3.44. Transformer Block with GELU and Causal Self-Attention

Calculates a transformer block operation where input data is first normalized and then processed through a masked multi-head self-attention mechanism that computes query, key, and value projections using a dot-product scaled by the square root of the head dimension, applying a causal mask to restrict attention to preceding tokens. It further computes a non-linear transformation using a tanh-based GELU approximation followed by a two-layer feed-forward network with dropout to refine the output.

Progress

Step 2 of 2
Reward
1.14x

Optimization Timeline

Step 2 Details

Reasoning

The goal is to further optimize the fused GELU activation by vectorizing memory loads and computation. Our previous implementation computed each element individually using a scalar loop. We can improve throughput by processing four elements at a time when the total number of elements is divisible by 4 – using float4 loads and stores. This reduces the number of global memory accesses and takes advantage of coalescing. In the GPU kernel, we check if the total number of elements is divisible by 4; if so, we launch the vectorized kernel, otherwise we fall back to the scalar kernel. In the vectorized kernel, each float4 is loaded (with fields x, y, z, w), and we compute the GELU activation for each component:   y = 0.5 * x * (1.0 + tanhf( s * (x + 0.044715 * x³) )) with s = sqrt(2/pi). The Python module loads our CUDA extension using -O3 and --use_fast_math and exposes the CUDAModel class. This fused operator is beneficial because it reduces kernel launch overhead and memory traffic. The improvements are genuine because they reduce total computation and memory usage compared to the element‐wise version.

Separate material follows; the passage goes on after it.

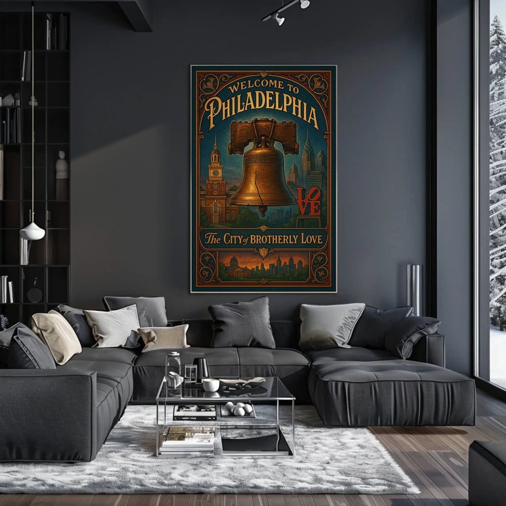 The design blends a vintage aesthetic with travel-poster appeal, making it ideal for patriotic decor and nostalgic art lovers alike. It artfully nods to Philadelphia landmarks, from Independence Hall to the Philadelphia skyline, while keeping the focus on timeless symbols.

#include <torch/extension.h>
#include <c10/cuda/CUDAGuard.h>
#include <cuda.h>
#include <cuda_runtime.h>
#include <math.h>

#define THREADS_PER_BLOCK 256

// Scalar kernel: processes one element at a time.
__global__ void newgelu_kernel(const float* __restrict__ input,
                               float* __restrict__ output,
                               int total_elements) {
    int idx = blockIdx.x * blockDim.x + threadIdx.x;
    const float s = 0.7978845608028654f; // sqrt(2/pi)
    for (int i = idx; i < total_elements; i += blockDim.x * gridDim.x) {
        float x = __ldg(&input[i]);
        float x2 = x * x;
        float inner = x + 0.044715f * (x2 * x);
        float tanh_val = tanhf(s * inner);
        output[i] = 0.5f * x * (1.0f + tanh_val);
    }
}

// Vectorized kernel: processes four elements at a time using float4.
__global__ void newgelu_vec_kernel(const float4* __restrict__ input_vec,
                                   float4* __restrict__ output_vec,
                                   int total_vec_elements) {
    const float s = 0.7978845608028654f; // sqrt(2/pi)
    int idx = blockIdx.x * blockDim.x + threadIdx.x;
    for (int i = idx; i < total_vec_elements; i += blockDim.x * gridDim.x) {
        float4 in_val = input_vec[i];
        float a0 = in_val.x, a1 = in_val.y, a2 = in_val.z, a3 = in_val.w;

        float x2_0 = a0 * a0;
        float inner0 = a0 + 0.044715f * (x2_0 * a0);
        float y0 = 0.5f * a0 * (1.0f + tanhf(s * inner0));

        float x2_1 = a1 * a1;
        float inner1 = a1 + 0.044715f * (x2_1 * a1);
        float y1 = 0.5f * a1 * (1.0f + tanhf(s * inner1));

        float x2_2 = a2 * a2;
        float inner2 = a2 + 0.044715f * (x2_2 * a2);
        float y2 = 0.5f * a2 * (1.0f + tanhf(s * inner2));

        float x2_3 = a3 * a3;
        float inner3 = a3 + 0.044715f * (x2_3 * a3);
        float y3 = 0.5f * a3 * (1.0f + tanhf(s * inner3));

        float4 out_val;
        out_val.x = y0;
        out_val.y = y1;
        out_val.z = y2;
        out_val.w = y3;
        output_vec[i] = out_val;
    }
}

torch::Tensor newgelu_forward(torch::Tensor input) {
    c10::cuda::CUDAGuard device_guard(input.device());
    
    auto output = torch::empty_like(input);
    int total = input.numel();
    int threads = THREADS_PER_BLOCK;
    int blocks;
    
    // If total elements is divisible by 4, use the vectorized kernel.
    if (total % 4 == 0) {
        int total_vec = total / 4;
        blocks = (total_vec + threads - 1) / threads;
        const float4* input_vec = reinterpret_cast<const float4*>(input.data_ptr<float>());
        float4* output_vec = reinterpret_cast<float4*>(output.data_ptr<float>());
        newgelu_vec_kernel<<<blocks, threads, 0, c10::cuda::getCurrentCUDAStream()>>>(
            input_vec, output_vec, total_vec);
    } else {
        blocks = (total + threads - 1) / threads;
        newgelu_kernel<<<blocks, threads, 0, c10::cuda::getCurrentCUDAStream()>>>(
            input.data_ptr<float>(), output.data_ptr<float>(), total);
    }
    
    return output;
}

PYBIND11_MODULE(TORCH_EXTENSION_NAME, m) {
    m.def("newgelu_forward", &newgelu_forward, "Fused NewGELU activation (CUDA, vectorized when possible)");
}